I'm going to need a raise just to afford my property taxes. Due to property reappraisals taxes in Ohio are expected to go up from 25% - 75%.
don't they have a law that prevents such gross valuations? hell, even backwards Oklahoma has one.
 
In this brutal housing market, you'll need to make $115K to buy the typical US home.
(HousingWire by Sarah Marx). A homebuyer must earn $114,627 to afford the median-priced U.S. home, up 15% ($15,285) from a year ago and up more than 50% since the start of the pandemic in early 2022, per Redfin. The last two years of soaring mortgage rates and rising home prices have brought the fastest erosion in housing market affordability in modern history, and it's hurt first-time homebuyers the most.

A homebuyer must earn $114,627 to afford the median-priced U.S. home, up 15% ($15,285) from a year ago and up more than 50% since the start of the pandemic in early 2022. That's the highest annual income necessary to afford a home on record. Meanwhile, wages have only increased by 5% since 2022. To conduct this analysis, Redfin compared median monthly mortgage payments for homebuyers in August 2023 and August 2022.

On Thursday, 30-year fixed-rate mortgage rates crossed the 8% threshold, according to Mortgage News Daily. In March 2022, the 30-year fixed-rate mortgage averaged 3.56%. Meanwhile, the median price for a U.S. home was $420,000 in August, up 3% compared to August 2022. At the start of the pandemic, the median sales price was $260,062.
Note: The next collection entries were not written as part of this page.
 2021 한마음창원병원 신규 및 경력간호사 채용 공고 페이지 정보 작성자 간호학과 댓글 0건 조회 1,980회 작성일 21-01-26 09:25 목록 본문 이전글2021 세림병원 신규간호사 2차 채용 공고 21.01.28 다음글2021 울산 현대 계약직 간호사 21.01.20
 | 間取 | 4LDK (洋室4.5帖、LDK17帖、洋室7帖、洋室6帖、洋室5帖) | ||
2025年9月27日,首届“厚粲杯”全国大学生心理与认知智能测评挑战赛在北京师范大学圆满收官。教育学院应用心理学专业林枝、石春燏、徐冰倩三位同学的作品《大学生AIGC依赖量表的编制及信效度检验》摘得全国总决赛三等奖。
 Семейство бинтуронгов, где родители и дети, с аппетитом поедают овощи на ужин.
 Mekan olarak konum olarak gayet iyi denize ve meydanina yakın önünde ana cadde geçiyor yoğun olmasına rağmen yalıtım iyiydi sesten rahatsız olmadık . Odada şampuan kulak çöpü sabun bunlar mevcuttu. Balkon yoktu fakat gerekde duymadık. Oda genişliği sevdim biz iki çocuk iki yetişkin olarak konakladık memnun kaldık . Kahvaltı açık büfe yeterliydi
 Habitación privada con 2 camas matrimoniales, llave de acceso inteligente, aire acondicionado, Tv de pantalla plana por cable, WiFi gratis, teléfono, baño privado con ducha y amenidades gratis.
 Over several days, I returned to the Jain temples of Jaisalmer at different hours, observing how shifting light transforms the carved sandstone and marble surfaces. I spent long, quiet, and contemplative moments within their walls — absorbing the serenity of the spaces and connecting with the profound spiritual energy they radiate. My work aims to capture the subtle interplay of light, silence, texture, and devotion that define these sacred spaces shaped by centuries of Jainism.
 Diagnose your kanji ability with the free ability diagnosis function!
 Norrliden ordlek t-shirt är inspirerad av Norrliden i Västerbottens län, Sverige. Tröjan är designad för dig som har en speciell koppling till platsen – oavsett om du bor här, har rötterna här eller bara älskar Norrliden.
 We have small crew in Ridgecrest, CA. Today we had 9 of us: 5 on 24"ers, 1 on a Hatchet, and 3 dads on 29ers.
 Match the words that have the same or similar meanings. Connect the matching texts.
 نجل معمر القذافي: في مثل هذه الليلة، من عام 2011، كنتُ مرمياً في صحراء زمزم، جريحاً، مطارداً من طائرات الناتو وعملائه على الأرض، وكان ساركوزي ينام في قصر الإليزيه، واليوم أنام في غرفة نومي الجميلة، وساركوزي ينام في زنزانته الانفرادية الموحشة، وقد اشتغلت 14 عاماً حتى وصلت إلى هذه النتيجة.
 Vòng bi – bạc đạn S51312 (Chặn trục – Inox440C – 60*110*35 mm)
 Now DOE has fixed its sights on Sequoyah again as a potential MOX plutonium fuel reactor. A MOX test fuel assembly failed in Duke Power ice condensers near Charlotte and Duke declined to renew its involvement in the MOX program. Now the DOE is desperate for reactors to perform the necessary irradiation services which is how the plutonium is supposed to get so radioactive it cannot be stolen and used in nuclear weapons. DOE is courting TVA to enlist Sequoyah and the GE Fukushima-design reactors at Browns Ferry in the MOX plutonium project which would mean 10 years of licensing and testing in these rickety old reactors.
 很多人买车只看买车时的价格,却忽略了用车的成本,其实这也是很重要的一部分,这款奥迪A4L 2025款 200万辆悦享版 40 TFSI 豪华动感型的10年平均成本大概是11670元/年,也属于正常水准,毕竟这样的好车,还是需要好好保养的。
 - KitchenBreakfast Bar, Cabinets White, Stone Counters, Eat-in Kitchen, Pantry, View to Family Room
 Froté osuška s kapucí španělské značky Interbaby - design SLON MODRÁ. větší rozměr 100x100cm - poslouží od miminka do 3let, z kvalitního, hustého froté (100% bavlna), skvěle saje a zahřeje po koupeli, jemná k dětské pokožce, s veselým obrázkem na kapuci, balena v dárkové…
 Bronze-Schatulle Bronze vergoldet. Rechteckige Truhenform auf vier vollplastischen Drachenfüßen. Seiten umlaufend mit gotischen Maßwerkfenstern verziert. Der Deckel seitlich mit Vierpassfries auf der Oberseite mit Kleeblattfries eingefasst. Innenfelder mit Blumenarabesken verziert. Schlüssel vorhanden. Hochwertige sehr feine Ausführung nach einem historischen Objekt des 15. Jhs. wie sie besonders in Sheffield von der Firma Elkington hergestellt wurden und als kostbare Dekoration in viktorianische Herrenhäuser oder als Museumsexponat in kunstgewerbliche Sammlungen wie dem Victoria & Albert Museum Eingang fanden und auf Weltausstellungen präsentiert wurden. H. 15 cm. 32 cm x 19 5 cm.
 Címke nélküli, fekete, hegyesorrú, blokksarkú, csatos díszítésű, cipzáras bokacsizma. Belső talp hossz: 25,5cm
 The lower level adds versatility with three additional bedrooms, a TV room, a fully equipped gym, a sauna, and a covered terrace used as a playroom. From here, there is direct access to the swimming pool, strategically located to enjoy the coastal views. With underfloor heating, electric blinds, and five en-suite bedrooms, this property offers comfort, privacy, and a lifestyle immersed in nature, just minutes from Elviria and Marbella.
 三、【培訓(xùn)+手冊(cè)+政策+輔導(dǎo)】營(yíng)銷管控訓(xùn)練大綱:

In the latest September existing home sales report, the median price remained 2.8% higher than in September 2022. On a month-to-month basis, the payment for the average U.S. buyer hovers around $2,866, an all-time high according to Redfin. Of course, high mortgage rates and home prices don't harm all-cash buyers and move-up buyers as greatly.
I'm going to need a raise just to afford my property taxes. Due to property reappraisals taxes in Ohio are expected to go up from 25% - 75%.
don't they have a law that prevents such gross valuations? hell, even backwards Oklahoma has one.
There is no law. This is going to really hit the retired and elderly that own their homes and are on a fixed income.
 
Appraisal value really isn't the full story. Is the municipality increasing the tax levy? If not, then your taxes may not go up at all, even if the appraisal is +50% because everyone else's appraisal also went up 50%. In 2021 the city increased my appraisal by 30%, my taxes went up 4.8% or 150 bucks. That wasn't too far off the norm, and they went down the following year.
 
Appraisal value really isn't the full story. Is the municipality increasing the tax levy? If not, then your taxes may not go up at all, even if the appraisal is +50% because everyone else's appraisal also went up 50%. In 2021 the city increased my appraisal by 30%, my taxes went up 4.8% or 150 bucks. That wasn't too far off the norm, and they went down the following year.
The levies have not changed so we won't know for sure how much the tax will go up until the calculation comes out in December or January. The county auditors are telling everyone to be prepared for increases.
 
you're doling out financial advice based on the "bet" that interest rates will fall in two years, then the best advice is not "buy now and refinance in two years." The best advice is to rent now and buy in two years.
Maybe, maybe not. Buy when the time is right for you. I’d assume rates aren’t guaranteed to fall, buy what you can afford and works for you. Or wait if the time isn’t right for you. But really the timing depends far more on the individual than any expectation of changing rates.
 
savings in payment over the early years when your payment is going strictly to interest.
If you’re talking right now, yes.
For the lower rates, even the first year principal and interest are really close. For my rate, the first payment was slightly more principal than interest.
Which really is just another reason rates matter a lot.
 
Thank you to those who spoke up for me here. I do appreciate it. I have known many FBG's really appreciate what I have tried to do as I have had many extremely meaningful and heartwarming direct messages expressing their gratitude and how it is helped their families for the better. Those emotional paychecks are worth more to me than actual ones (though I still need the actual ones to live lol)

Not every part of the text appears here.